Feature Extraction Tool for Phishing Dataset
Keywords:
Feature Extraction, Word2vec, PhishingAbstract
Feature extraction is a fundamental technique applied by researchers to extract the dimensionality of dataset. Machine learning algorithms rely on feature vectors rather than raw data for effective processing. Thus, the development of feature extraction tools become crucial in converting raw text datasets into feature vectors. In this project, we propose the utilization of Word2vec model and object-oriented approach to extract features from raw text datasets. Our tool could be applied in research exploring text-based feature extraction, with the implementation realized through Python.
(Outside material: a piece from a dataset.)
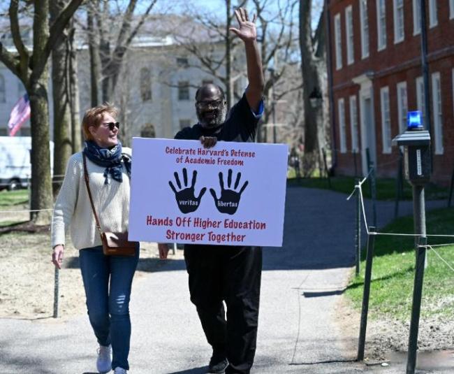 特朗普政府冻结资金、威胁取消哈佛大学免税地位和招收国际学生的资质后,哈佛大学对美国政府提起诉讼,指控政府试图以冻结联邦资金为手段操纵哈佛大学的学术决策。4月下旬,包括哈佛在内的100多所美国高校发表联名信,反对特朗普政府对教育系统“过度干预”,认为这些干预正在威胁美国的高等教育。
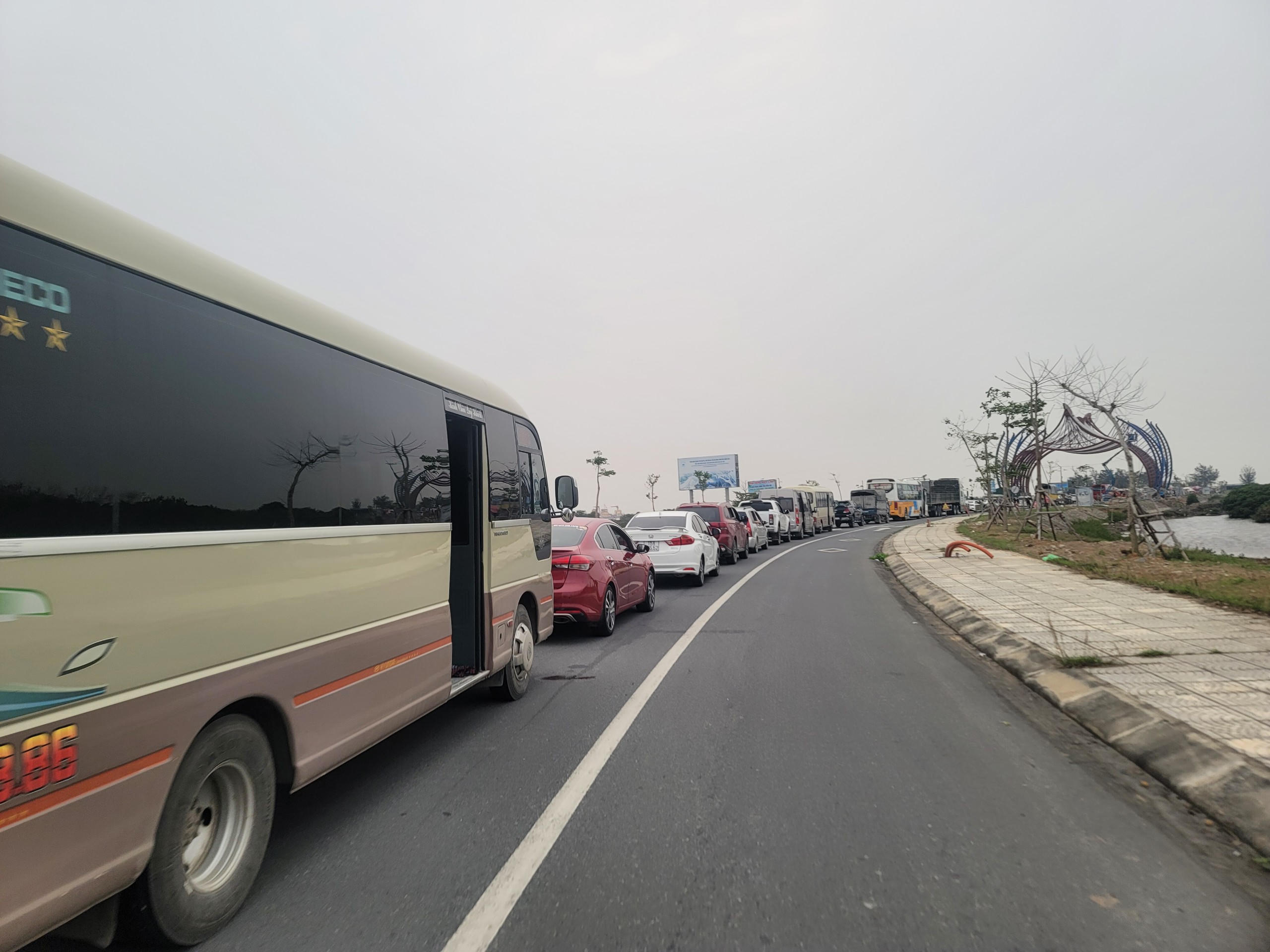 Hiện tượng ùn tắc tại tuyến đường dẫn vào bến phà Gót diễn ra thường xuyên vào dịp cao điểm. |

The feature extraction tool offers the flexibility to extract user-selected features or all phishing-related features from the raw text dataset, enhancing its applicability in diverse research scenarios. Features that are included are Contains_Urgency, Contains_Free, Contains_Exclamation_Marks, Contains_Urls, Word_Count, Contain_Most_Similar_Words_To_Urgent_Word, and Contain_Most_Frequent_Word_Word. Features such as Contain_Most_Similar_Words_To_Urgent_Word and Contain_Most_Frequent_Word_Word are extracted using the Word2vec model. Main modules that are included in the tool are the user register module, user login module, upload module, download module, and feature extraction module.